The placeholder is replaced by an OR clause matching all extracted values from the previous step. For example, if step 1 extracted ["a.com", "b.com"] and step 2 has host:{$input}, the actual query becomes:

((host:"a.com" OR host:"*.a.com") OR (host:"b.com" OR host:"*.b.com"))

For non-host fields like resolution:{$input}, values are simply joined:

(resolution:"1.2.3.4" OR resolution:"5.6.7.8")

What is the difference between exclude and NOT in the query?

Both work, but they operate at different levels:

  • NOT value:"x" in the query filters results at the database level - excluded documents are never returned.
  • exclude: ["x"] filters extracted keys after the search - the documents still appear in the step's data, but the excluded values won't be passed to the next step.

Use NOT in the query when you don't want to see the results at all.
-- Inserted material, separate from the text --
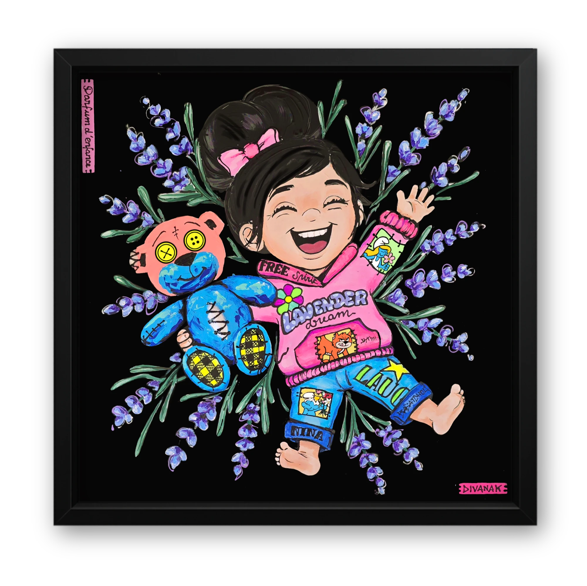 Peinture originale évoquant la douceur de l’enfance, entre joie simple et souvenirs parfumés.

Use exclude when you want to see the results but prevent specific values from propagating to subsequent steps.

Can I combine aggregation with regular results?

Yes. When you add an aggregate object to a step, you get both the regular data array (paginated documents) and the buckets array (aggregation results). If you set use_as_next: true, the aggregation bucket keys are used as input for the next step instead of values extracted from individual documents.